Zaman berubah menjadi apokaliptik, rasionalitas pikiran menjadi pola tingkah laku yang mengiringi perjalanan revolusi zaman. Pada tingkat pemikiran yang sangat bergantung dengan kehebatan teknologi, manusia bagai robot. Penciptaan kecerdasan buatan (artificial intelligence), telah memunculkan karakter baru dalam memanfaatkan kecepatan dan keakuratan teknologi.

Tanpa disadari, kemajuan teknologi ini menciptakan ruang persaingan di antara manusia itu sendiri. Persaingan ini juga, memunculkan berbagai potensi kejahatan. Salah satunya dengan teknik Phising. Pelbagai aplikasi diciptakan untuk mendapatkan keuntungan bisnis yang dapat dikendalikan melalui perangkat lunak (software). Sayangnya, beberapa aplikasi dapat digunakan oleh para peretas untuk memanipulasi keuntungan secara sepihak, modus penipuan lewat aplikasi kian meningkat dan makin marak.

Pertanyaan yang selalu muncul bagi pelanggan dan pengguna aplikasi berbasis teknologi digital, bagaimana melindungi keamanan data pribadi? Karena faktanya, kemampuan robot teknologi mampu menjebol keamanan pengguna dan pelanggan. Kalau pun sistem informasi telah diatur dengan regulasi ITE, ini belum mampu menjamin keamanan data pribadi.

Kembali pada perubahan zaman, yang berorientasi pada kecepatan informasi, maka penyerapan informasi yang dilakukan masyarakat secara bebas, seharusnya diimbangi dengan edukasi yang benar. Betapa banyak berita-berita hoaks yang diterima oleh masyarakat sebagai konsumen, dalam posisi objek penderita. Sistem pengurai teknologi secara sederhana untuk menempatkan sumber-sumber informasi pada ruang sosial yang digunakan oleh siapa saja, yang tujuannya mendapatkan umpan balik sebagai resultan interaksi sosial.

Maka untuk memahami bagaimana kita memanfaatkan dimensi sosial melalui jejaring sosial sebagai alat untuk melakukan interaksi sosial, seharusnya masyarakat selaku pengguna dan konsumen melakukan edukasi dan pemahaman literasi digital.

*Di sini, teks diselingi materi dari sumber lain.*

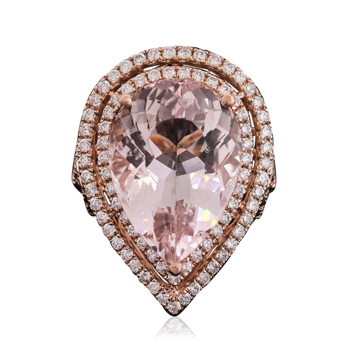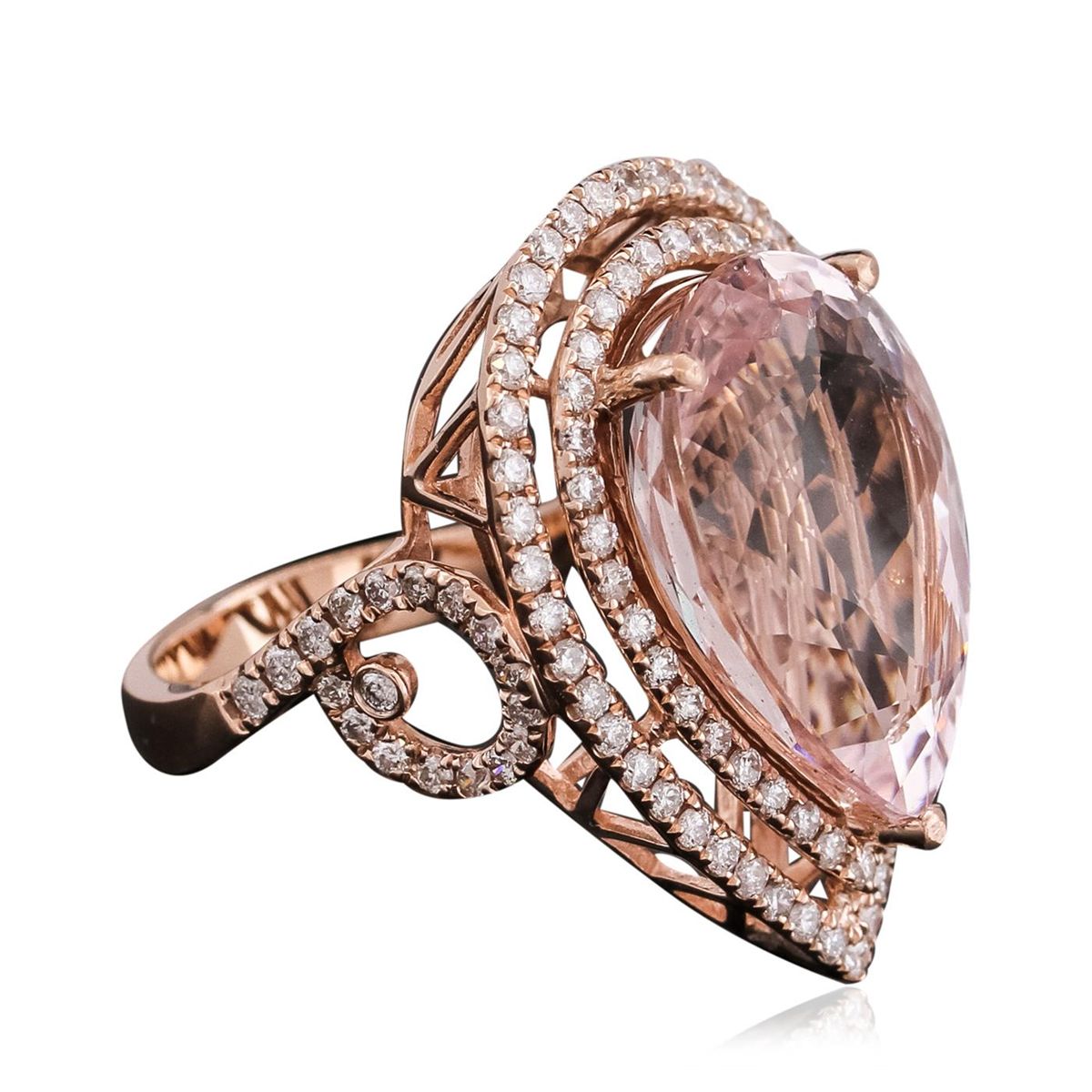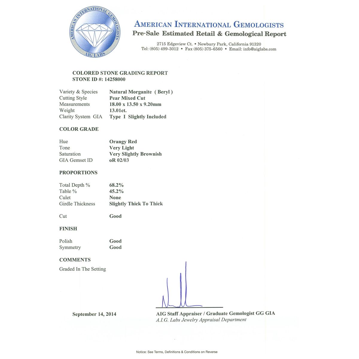One electronically tested 14KT rose gold ladies cast morganite & diamond ring with a bright finish. The featured morganite is set within tiered diamond bezels, supported by diamond set shoulders, completed by a three millimeter wide band. Condition is new, good workmanship. Containing: One prong set pear mixed cut natural morganite, measuring 18.00 x 13.50 x 9.20mm, 7% bulge factor, approximate weight of 13.01ct., clarity is slightly included, type I, very light, very slightly brownish, orangy red color, (GIA oR 2/3), cut is good. Transmitting light with no distortion, transparent. Naturally occurring internal & external characteristics are present. Graded in the setting. One Hundred Sixteen prong set round brilliant cut diamonds, measuring 1.45 - 1.30 x 0.83mm (depth est.) approximate total weight of 116 Stones = 1.12ct. Graded in the setting. Clarity: SI-2 to I-1. Color: G - H. Total Weight of Colored Stones 13.01ct. Total Weight of Diamonds 1.12ct. Total Weight of Ring 9.43 grams. AIG Appraised at $11,880.00.

Karena literasi itu bukan hanya sekedar membaca buku. Di sini perlu digarisbawahi, bahwa kejahatan siber dilakukan melalui perangkat teknologi. Sangat banyak literasi yang digunakan dalam teknologi, yang umumnya diserap dari literasi asing.

Dalam sebuah riset terhadap kemampuan literasi, baik secara lisan dan tulis, pada sampling masyarakat Indonesia, sangat banyak ditemukan masyarakat yang masih rendah kualitas pemahaman literasi.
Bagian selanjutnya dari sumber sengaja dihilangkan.